The v0.6 verdict on the same data: "8 thesis FAIL → automatic shutdown." The v1.0 verdict: "8 calibrated signals, composite up_probability exists with explicit confidence interval, weak/anti-predictive signals carry near-zero weight."

Both readings are honest. v1.0+ is the more useful one.

The above table is the v0.6 baseline only. Current main has 21 thesis modules across US + KR + crypto, including the v1.x additions E_FUNDAMENTAL_KR, E_PEAD_KR, E_INSIDER_VELOCITY_KR, E_ANALYST_REVISION, E_SHORT_SELLING_KR, E_INTRADAY_FLOW_KR, E_FUNDAMENTAL_KR_CYCLICAL, E_COMMODITY_INDEX_KR, E_MACRO_KR, E_INSIDER_KR. See docs/CALIBRATION.md for the full per-thesis table and docs/KR_SUPPORT.md for KR-specific signal documentation.
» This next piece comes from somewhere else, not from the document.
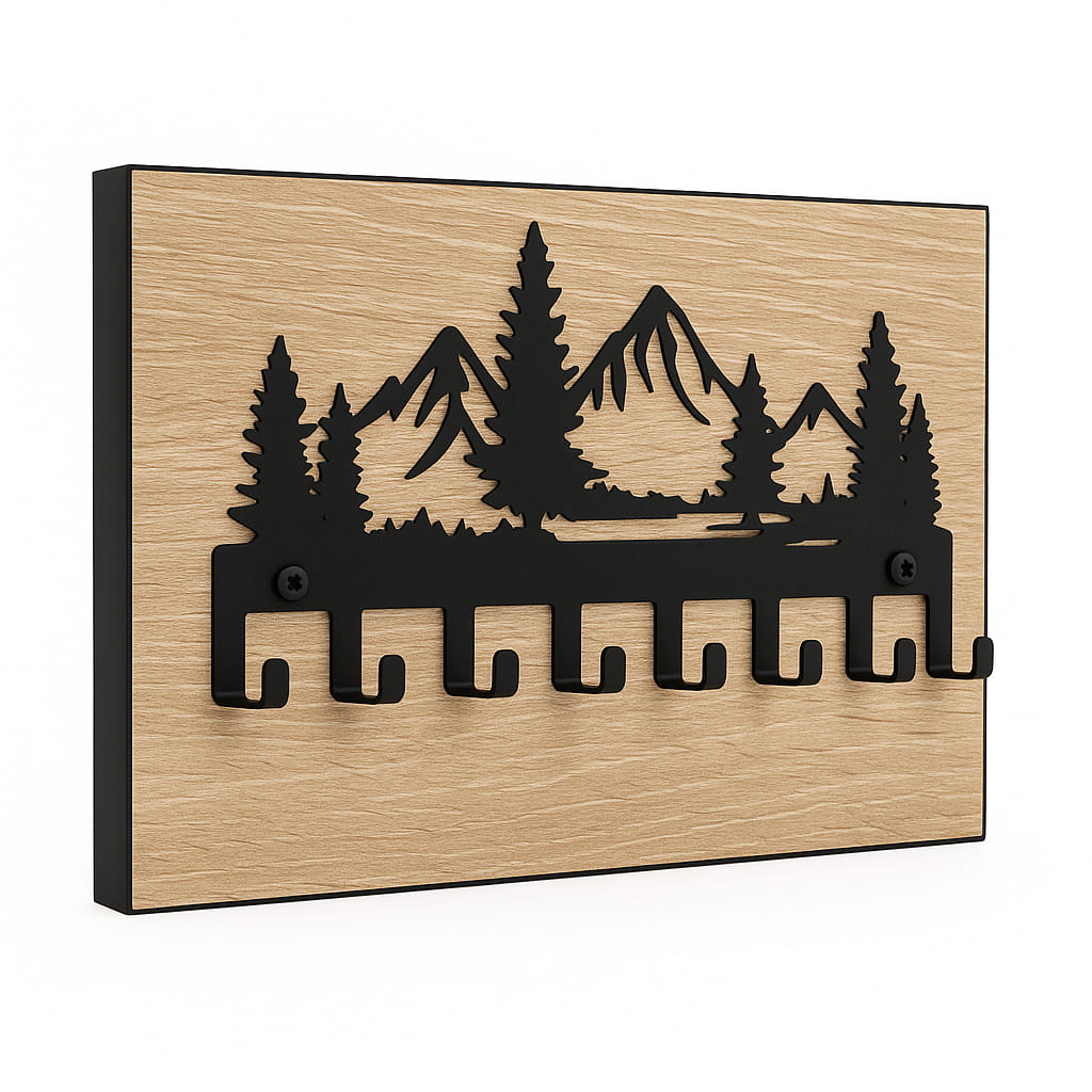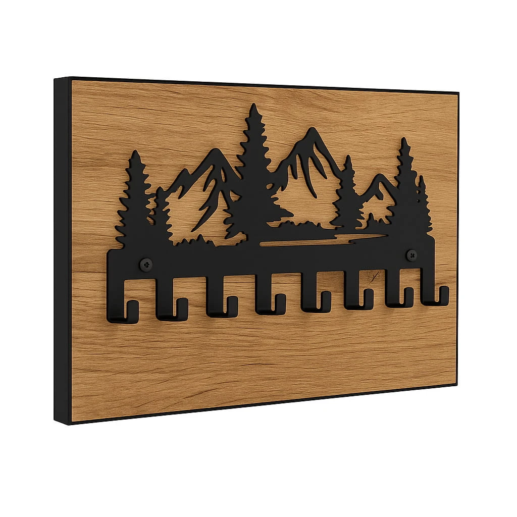Nowoczesny design z motywem górskim sprawia, że wieszak na klucze z płytą doskonale wpisuje się w aranżacje inspirowane naturą, stylem loftowym lub skandynawskim.

KR megacap honesty footer (INV-GS-114)

Phase KR M1 hindcast on KOSPI 200 (n = 3,510 samples) measured AUC ≤ 0.51 — at the edge of statistical noise. The CLI surfaces this footer on every KR megacap prediction (*** KR megacap universe — AUC ≤ 0.51, predictions are weak signals). This is the same honest data that drives the v1.x E_FOREIGN_REVERSAL Brier weight collapse on that universe; the framework shows it rather than hides it.


Architecture overview

                ┌─────────────────────────────────────────────────────┐
                │                CLI / library entry                   │
                │   glostat predict <ticker>      glostat calibrate    │
                └─────────────────────────────────────────────────────┘
                                       │
                ┌──────────────────────┼──────────────────────┐
                ▼                      ▼                      ▼
        DataRouter             Compliance Gate         PromptRegistry
        (phase-gated)          (broadcast=ERROR)       (sha256 per call)
                │
   ┌────────────┼────────────┬────────────┐
   ▼            ▼            ▼            ▼
yfinance    SEC EDGAR    CFTC/CCXT    Bigdata MCP   ← Phase 2+, blocked in MVP
   │            │            │            │
   └────────────┴────────────┴────────────┘
                │
                ▼
        Snapshot Broker  ───►  parquet shards + SQLite index + Merkle leaves
                │
                ▼
            Thesis modules  ───►  raw_score, direction, sources
                │
                ▼
   ┌─────────────────────────────────────┐
   │  predictor/composite.py             │
   │   predict()  +  Brier weights       │   ← INV-GS-103
   └─────────────────────────────────────┘
                │
                ▼
            Prediction  ───►  up_probability + 1-sigma CI + SignalContribution[] + disclaimer
                │
                ▼  (calibration loop, quarterly)
       calibration_table.parquet
                │
                ▼
        docs/CALIBRATION.md (auto-regenerated)

Snapshot broker

from datetime import UTC, datetime
from pathlib import Path

from glostat.data.snapshot_broker import SnapshotBroker, SnapshotKey

broker = SnapshotBroker(root=Path("./snapshots"))
key = SnapshotKey(
    uaid="XNAS.AAPL",
    edge_type="tearsheet",
    ts_utc=datetime(2026, 4, 28, 12, 0, tzinfo=UTC),
    tool="yfinance.fundamentals",
    params_canon='{"period":"quarter"}',
)
record = broker.save_snapshot(key, {"per": 28.4, "roe": 0.21})
print(record.leaf.leaf_hash[:12], broker.audit_root()[:12])
broker.close()

Calibrated prediction (v2.0)

from glostat.predictor import predict, load_calibration
from glostat.predictor.types import Prediction

cal_table = load_calibration()
prediction: Prediction = predict(
    ticker="AAPL",
    horizon="swing_5d",                     # intraday | swing_5d | swing_30d | long_3y
    contributions=(...),                    # build via collect_contributions(); see docs/EXAMPLES.md
    cal_table=cal_table,
)

print(f"p_up = {prediction.up_probability:.3f}")
low_bps, high_bps = prediction.confidence_interval_bps
print(f"  CI 1-sigma (~68%) bps = [{low_bps:+.1f}, {high_bps:+.1f}]")
if low_bps <= 0 <= high_bps:
    print("  *** includes 0 — no clear direction (INV-GS-113 X2)")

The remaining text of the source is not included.